The PGM protocol has several mechanisms for reducing the negative impact of various kinds of congestion in the network. The number of NAKs that a source receives can be reduced with the help of special listeners of multicast messages - NAK aggregators (designated receiver). These aggregators listen to NAKs on the subnet and send only one NAK to the source from the entire subnet. There are routers capable of independently aggregating NAKs from a subnet, these are PGM routers.
PGM also allows the presence of special network elements (designated local repairer or designated local retransmitter), which can independently respond with RDATA packets to the NAK. This allows you to build a topology in which slow clients do not affect the work of students from other subnets.

PGM also allows you to set different options - timeouts and counters to suppress the NAK storm. The selection of these timeouts is a separate magic, in which lies the difficulty of working with PGM. On the listeners side it
- the time that passes after detecting packet loss before the first NAK is generated
- the time that passes before re-sending the NAK if the NCF was not received
- the time that passes from receiving the NCF to sending a new NAK if RDATA was not received
- maximum number of NAKs that a listener can send
On the sender side it is
- the time that elapses between receiving the first NAK and sending the RDATA
- time for which duplicate NAKs are ignored after RDATA has been sent
- rate limit on which RDATA packets are sent (bytes per second)
In general, I think from the foregoing it is not difficult to guess why PGM and its variations have become so popular when developing systems with low response time (low-latency systems).
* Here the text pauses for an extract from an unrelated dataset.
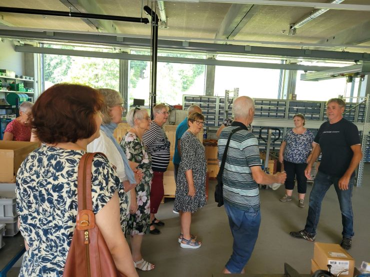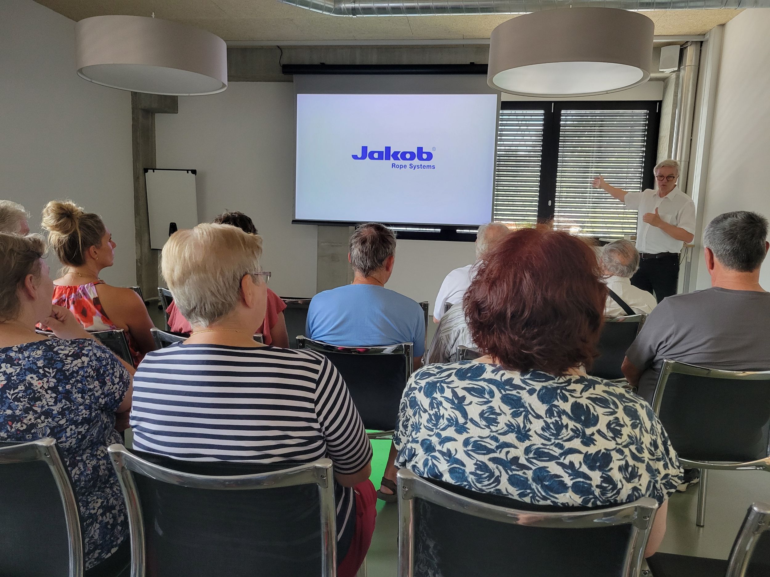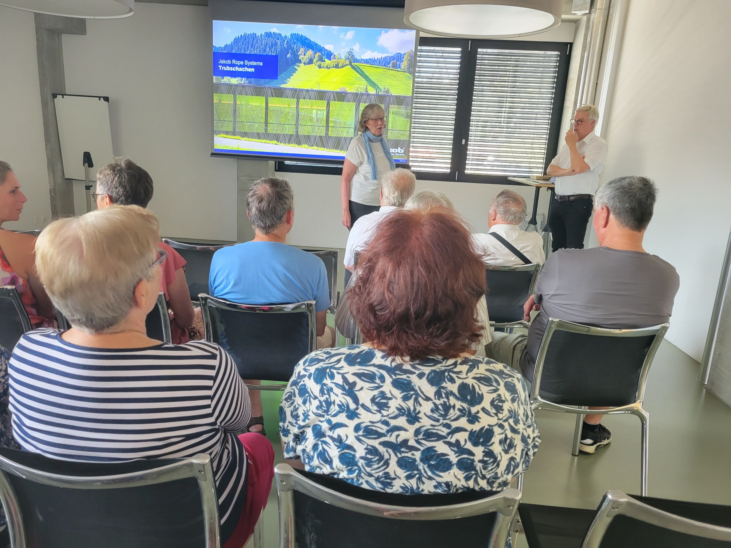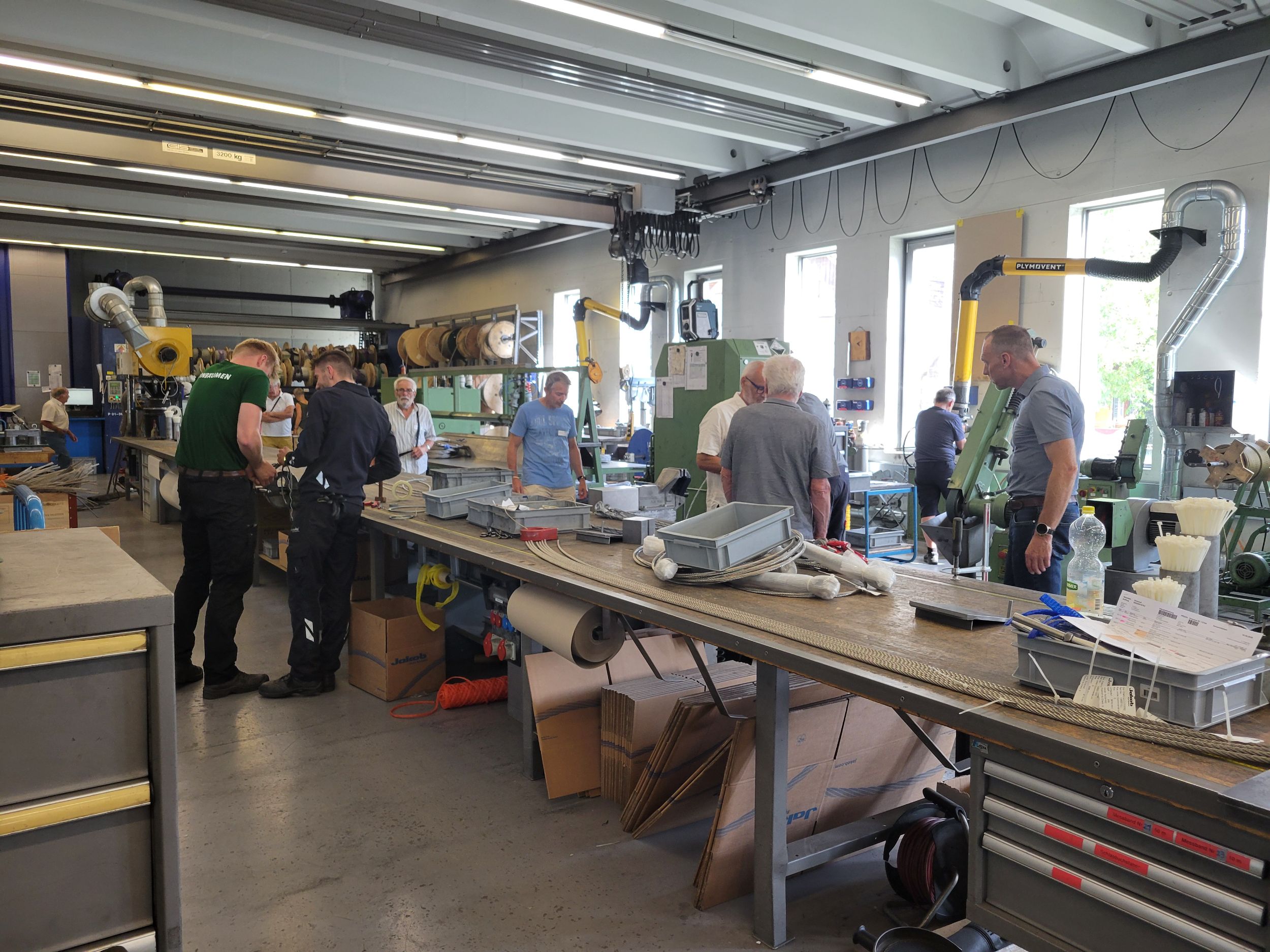 Das Treffen startete am 14. August 2025 in der Firma Jakob Rope Systems in Trubschachen. Peter Jakob erklärte uns 28 Anwesenden auf sehr eindrückliche Weise, wie sich die Firma seit der Gründung im Jahre 1904 von der Seilerei Jakob zum heutigen innovativen Grossunternehmen entwickelte. „Nur wer Neues wagt und umsetzt, kann sich weiterentwickeln.“ Diese gelebte Philosophie von Peter Jakob, seiner Familie und seinem Team überzeugte uns sehr. Mit grossem Staunen vernahmen wir von den wertvollen und einzigartigen Projekten in Vietnam und Saudi Arabien, die immer noch weiter ausgebaut werden, vom erhaltenswerten Unternehmensstandort Trubschachen, von Projekten und Aufträgen schweiz- und weltweit. Anschliessend durften wir in die Produktionshallen gehen und uns von Fachleuten die Herstellung von Drahtseilen und die eindrückliche Konfektion von Draht- und Faserseilen erklären lassen.

This protocol has a shorter response time than reliable protocols using positive packet acknowledgment, and allows you to increase the number of message listeners without compromising response time.
A question for thought. Why do GFS and Hadoop use TCP instead of reliable multicast? It’s a known fact that all data is replicated in GFS and HFS to at least three different boxes. Is it really possible to copy packets from a socket to a socket more efficiently or reliably than to replicate packets on network equipment?